Summer is prime time for campfires and roasted marshmallows. However, before starting a fire and enjoying the tasty treats cooked over one, it is essential to understand fire regulations in your area and what your home insurance will cover if something goes awry.

How do I know if my campfire is legal, and any potential damage is insurable?

To find your town or city’s fire bylaws, call your local government (town council or bylaw enforcement) or search your municipality’s website for a list of regulations. It might be under bylaws or the municipal code.

Fire restrictions can fluctuate with the weather, so it’s always important to check if there is a fire ban in your area before igniting any materials — including charcoal barbeques in some instances. Failure to comply with the fire ban can result in a hefty fine. Additionally, your home insurance policy might not cover potential damage to your home caused by the fire since it is illegal to set a fire in the area where the ban is declared.

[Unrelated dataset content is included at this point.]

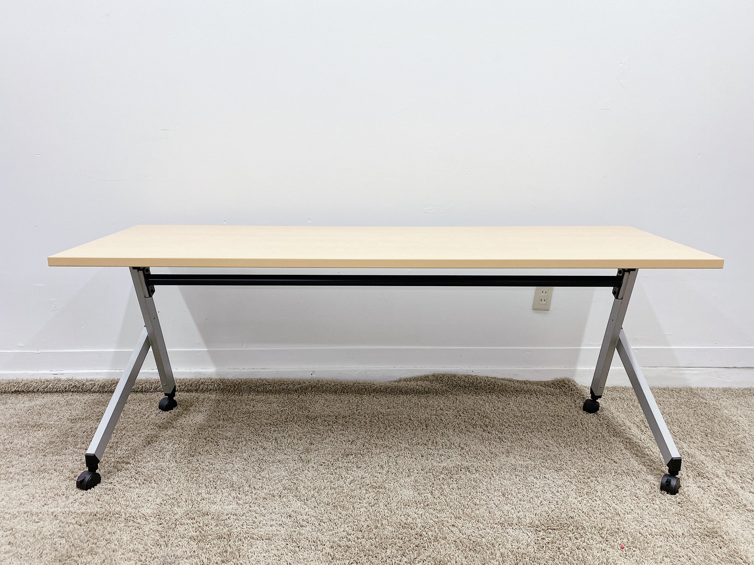 【幅1800サイズ】会議室やセミナーにおすすめです! 内田洋行/プラッテ/ナチュラル木目 キャスター付き 幕板付き テーブル 会議

Suppose you get a fire pit for your home. In that case, it’s important to notify your insurance company, says Anne Marie Thomas, director of consumer and industry relations at the Insurance Bureau of Canada. A fire pit may affect your insurance premium since you incur more liabilities. Omitting to mention this information to your insurance provider could be a costly mistake.

Does home insurance cover damage caused by a backyard fire?

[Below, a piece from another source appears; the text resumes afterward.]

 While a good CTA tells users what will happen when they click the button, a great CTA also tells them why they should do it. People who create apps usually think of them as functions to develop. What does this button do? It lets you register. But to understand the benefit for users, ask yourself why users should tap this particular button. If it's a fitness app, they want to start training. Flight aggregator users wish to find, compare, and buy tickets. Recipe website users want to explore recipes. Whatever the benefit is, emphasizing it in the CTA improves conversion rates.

If you fail to disclose that you have a fire pit or outdoor fireplace, your insurance policy might not cover any damages that result from a backyard fire, and you would have to pay out of pocket for costs.

“The overarching factor is to make sure that the fire pit is legal,” says Thomas. “You can’t behave illegally and expect to be compensated.”

Thomas emphasizes that each policy is different and how your insurance will compensate you if you infringe on your contract varies from case to case. She says that whenever you violate your insurance policy, you put your coverage in jeopardy. If you’re having fires illegally, a worst-case scenario is that your insurance company could void your home insurance altogether.

What happens if one of my guests gets injured while having a backyard fire?

“If you’re [having a fire] legally but someone gets burned by accident, your insurance may cover you for that,” says Thomas.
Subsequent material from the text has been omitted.